%%

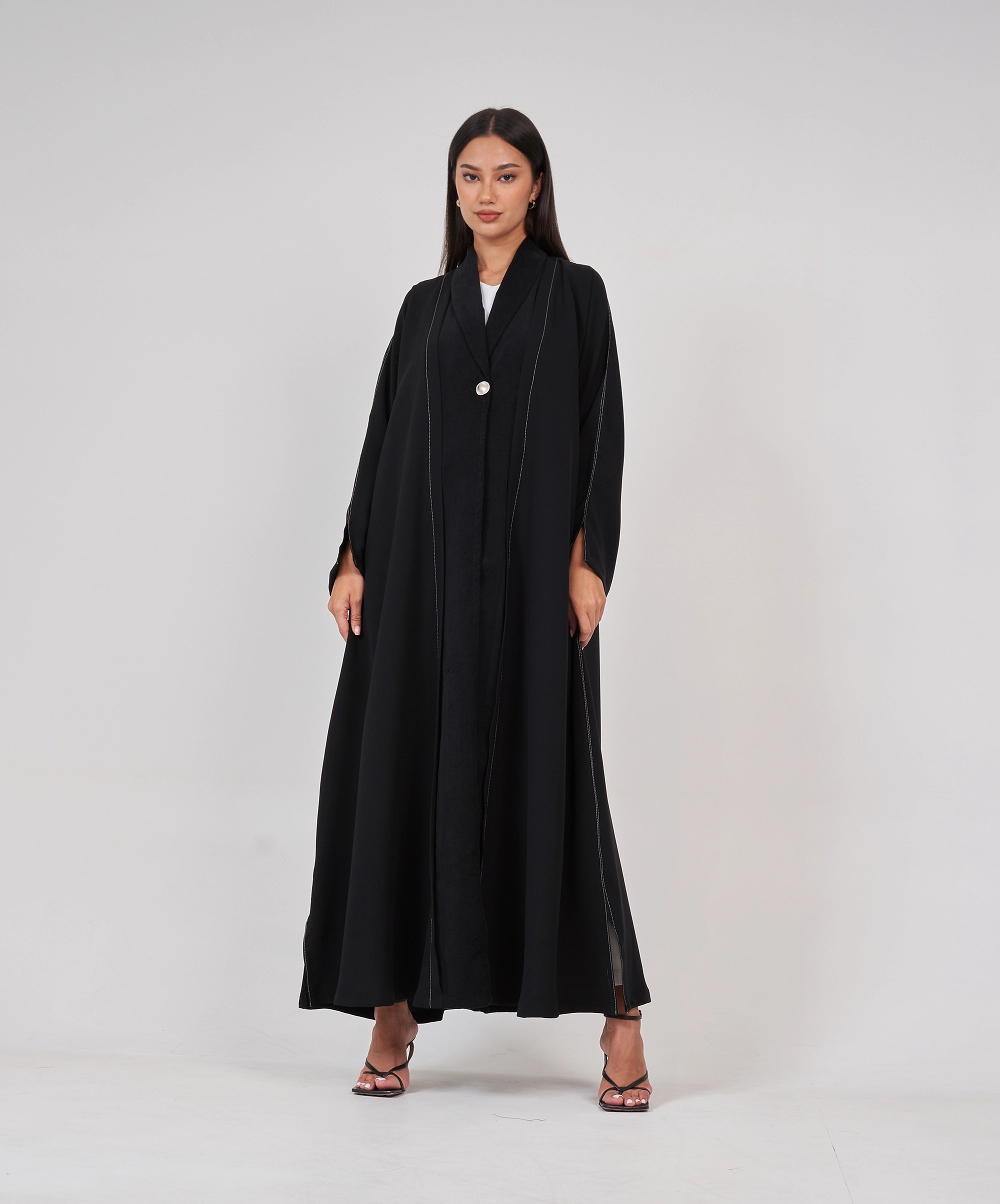 An all-time season piece, this medium-weight modern abaya is designed using soft crepe fabric and soft corduroy fabric in an oversized cloche cut fit, in the style of a stitched on abaya to a middle semi-looking dress in a different fabric. It is complimented by sleeve and side slit cuts, with an overlapping buttoned deep collar. It features an almost closely matching color chiffon fabric scarf.
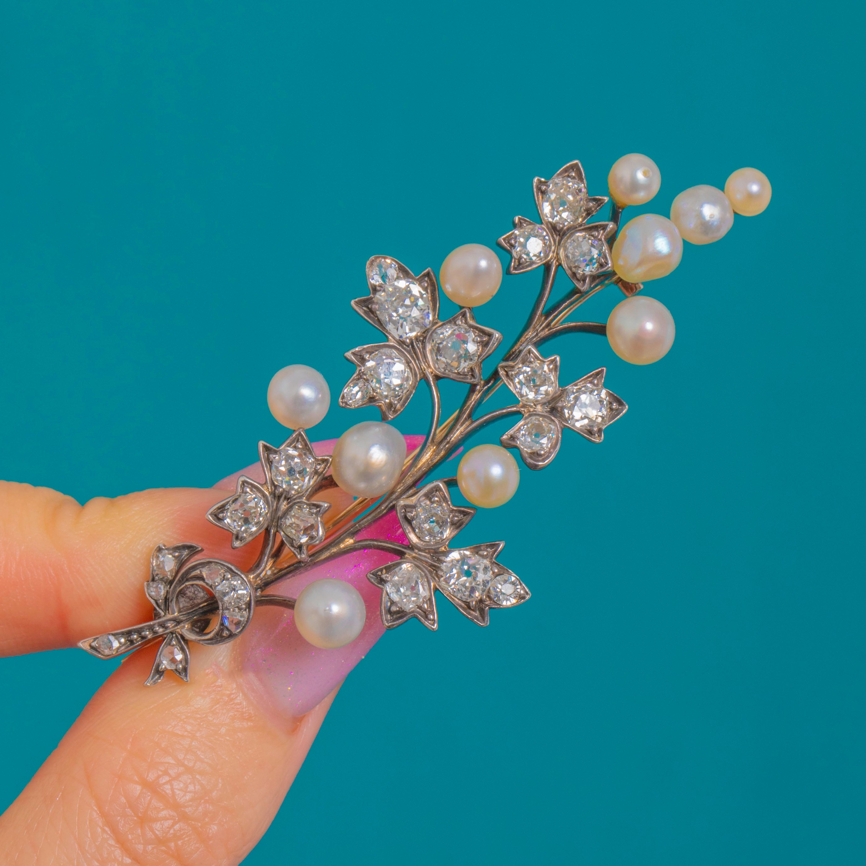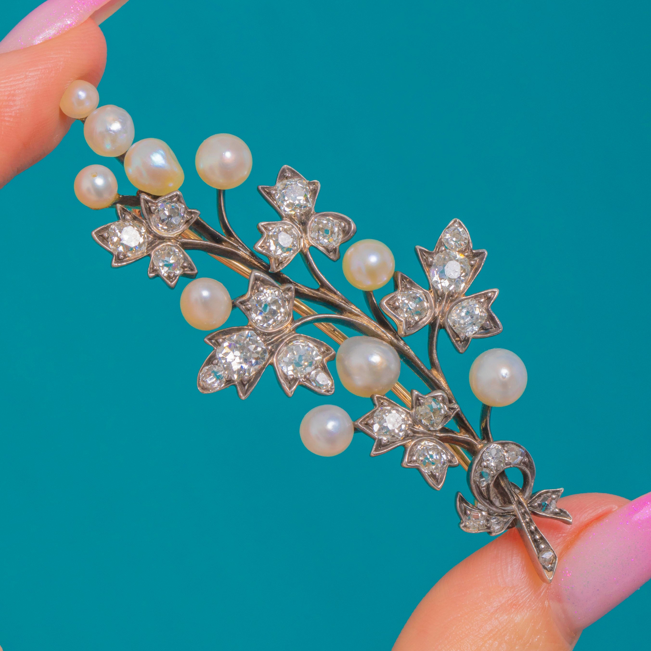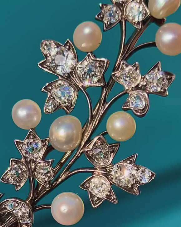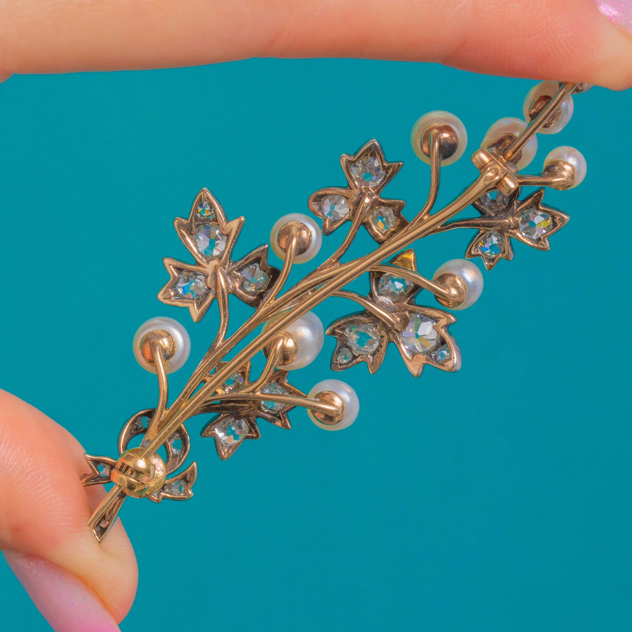 A sublime Victorian botanical spray brooch, handcrafted in rich 15ct Gold with gleaming Silver-topped settings. Lush leaves sparkle with a constellation of Diamonds while creamy Natural Pearls cluster like dewy berries along graceful, slender stems. The chic Silver-over-Gold palette feels airy and luminous, enhancing every facet and curve.
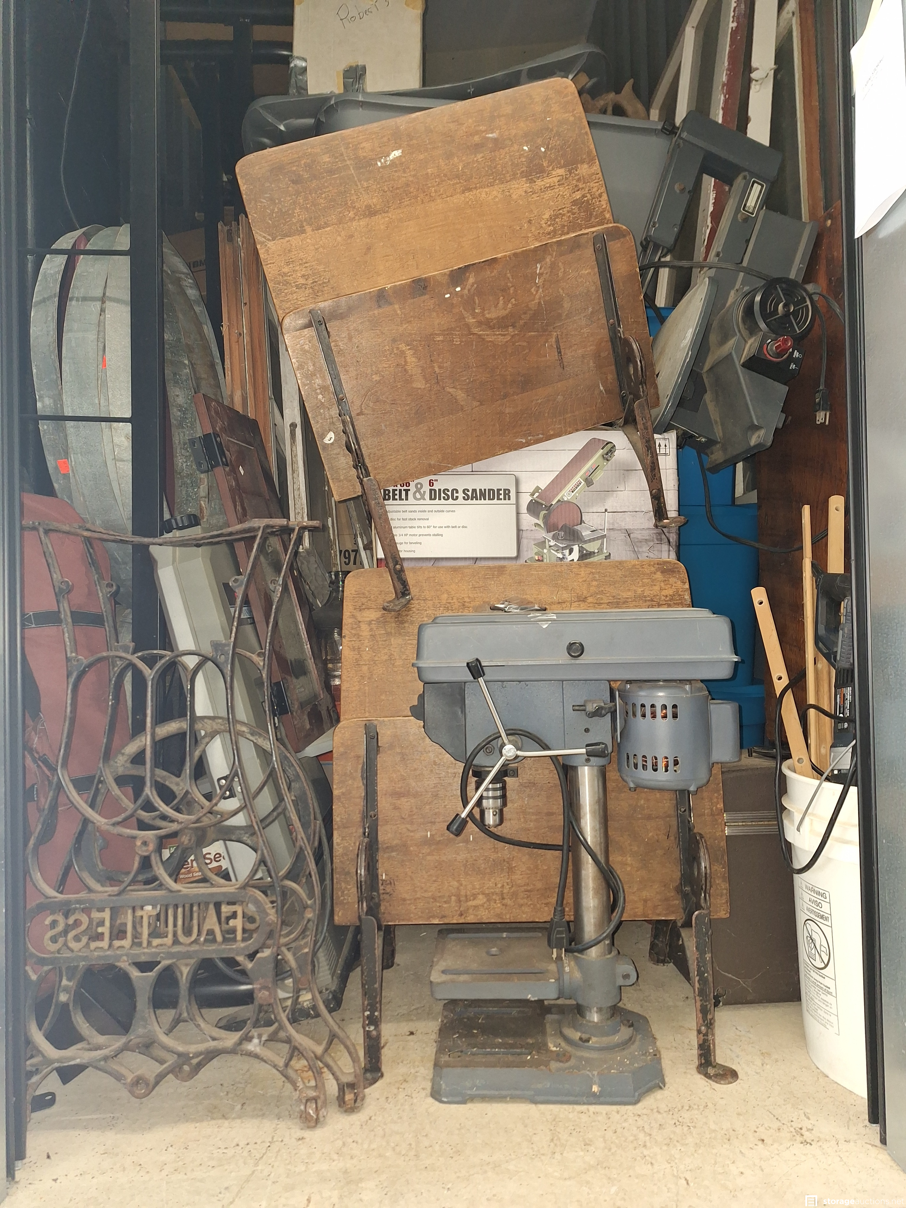 Antiques, antique schoolhouse desks, woodworking machinery, woodworking tools, woodworking supplies, scrap wood, 4 kid or twin beds, old windows, totes, canning supplies, old chest.
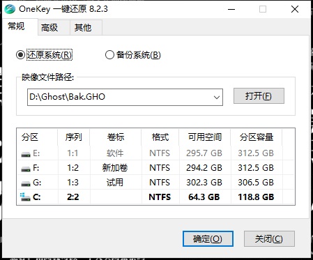 2、程序默认对当前系统所在分区进行备份、还原操作,可选择其他分区;
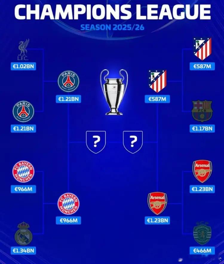 欧冠4强:英法德西各一队,意甲淘汰赛首轮便全军覆没,巴黎对阵拜仁巴黎双杀利物浦、拜仁淘汰皇马、马竞艰难晋级、阿森纳险胜葡萄牙体育,欧冠四强全部诞生,分别是法甲榜首巴黎、德甲榜首拜仁、西甲第四马竞、英超榜首阿森纳。欧冠半决赛对阵:巴黎vs拜仁,马竞vs阿森纳!四强联赛分布均匀,法德西英各占一队,意甲彻底缺席,意大利连续三届无缘世界杯,足坛竞争力大幅下滑。意甲球队在淘汰赛首轮就全部出局,欧冠赛场毫无话语权。球队身价:巴黎12.1亿欧、拜仁9.66亿欧、马竞5.87亿欧、阿森纳12.3亿欧。今年欧冠冠军你看好谁?卫冕冠军巴黎,还是火力全开的拜仁?近三届两度新王加冕,马竞阿森纳能否创造奇迹?欧冠是俱乐部最高荣誉,拿下欧冠才是豪门认证,无缘大耳朵杯难称欧洲顶级豪门。皇马两大球星场上吵架
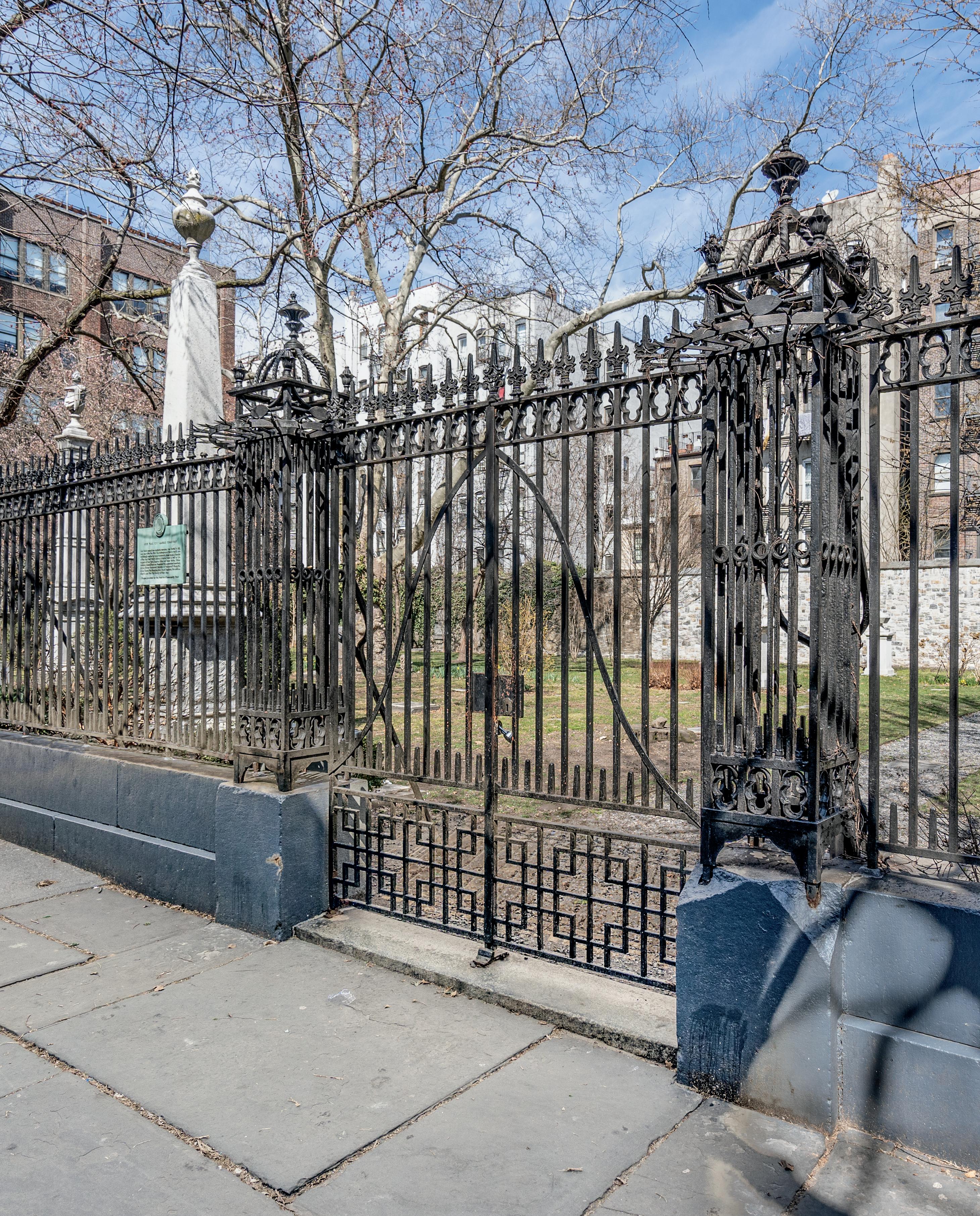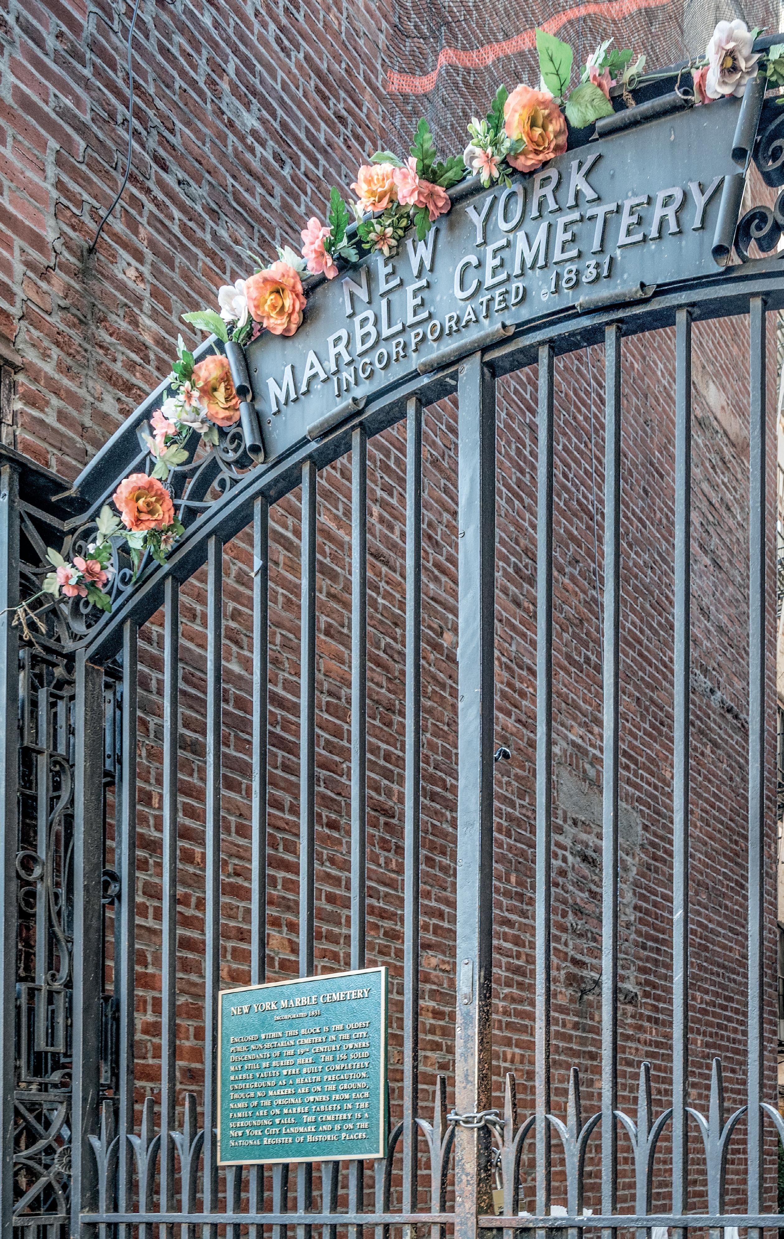 The gates to New York Marble Cemetery, where President Monroe was briefly interred in 1831, carry a historical marker identifying the site as the oldest public nonsectarian cemetery in New York.

%%

EXERCISE -> If the records contain pictures, skip them, and transcribe exactly every line from the one with "A sublime Victorian" through the last line.

COMPLETED EXERCISE ->
 A sublime Victorian botanical spray brooch, handcrafted in rich 15ct Gold with gleaming Silver-topped settings. Lush leaves sparkle with a constellation of Diamonds while creamy Natural Pearls cluster like dewy berries along graceful, slender stems. The chic Silver-over-Gold palette feels airy and luminous, enhancing every facet and curve.
 Antiques, antique schoolhouse desks, woodworking machinery, woodworking tools, woodworking supplies, scrap wood, 4 kid or twin beds, old windows, totes, canning supplies, old chest.
 2、程序默认对当前系统所在分区进行备份、还原操作,可选择其他分区;
 欧冠4强:英法德西各一队,意甲淘汰赛首轮便全军覆没,巴黎对阵拜仁巴黎双杀利物浦、拜仁淘汰皇马、马竞艰难晋级、阿森纳险胜葡萄牙体育,欧冠四强全部诞生,分别是法甲榜首巴黎、德甲榜首拜仁、西甲第四马竞、英超榜首阿森纳。欧冠半决赛对阵:巴黎vs拜仁,马竞vs阿森纳!四强联赛分布均匀,法德西英各占一队,意甲彻底缺席,意大利连续三届无缘世界杯,足坛竞争力大幅下滑。意甲球队在淘汰赛首轮就全部出局,欧冠赛场毫无话语权。球队身价:巴黎12.1亿欧、拜仁9.66亿欧、马竞5.87亿欧、阿森纳12.3亿欧。今年欧冠冠军你看好谁?卫冕冠军巴黎,还是火力全开的拜仁?近三届两度新王加冕,马竞阿森纳能否创造奇迹?欧冠是俱乐部最高荣誉,拿下欧冠才是豪门认证,无缘大耳朵杯难称欧洲顶级豪门。皇马两大球星场上吵架
 The gates to New York Marble Cemetery, where President Monroe was briefly interred in 1831, carry a historical marker identifying the site as the oldest public nonsectarian cemetery in New York.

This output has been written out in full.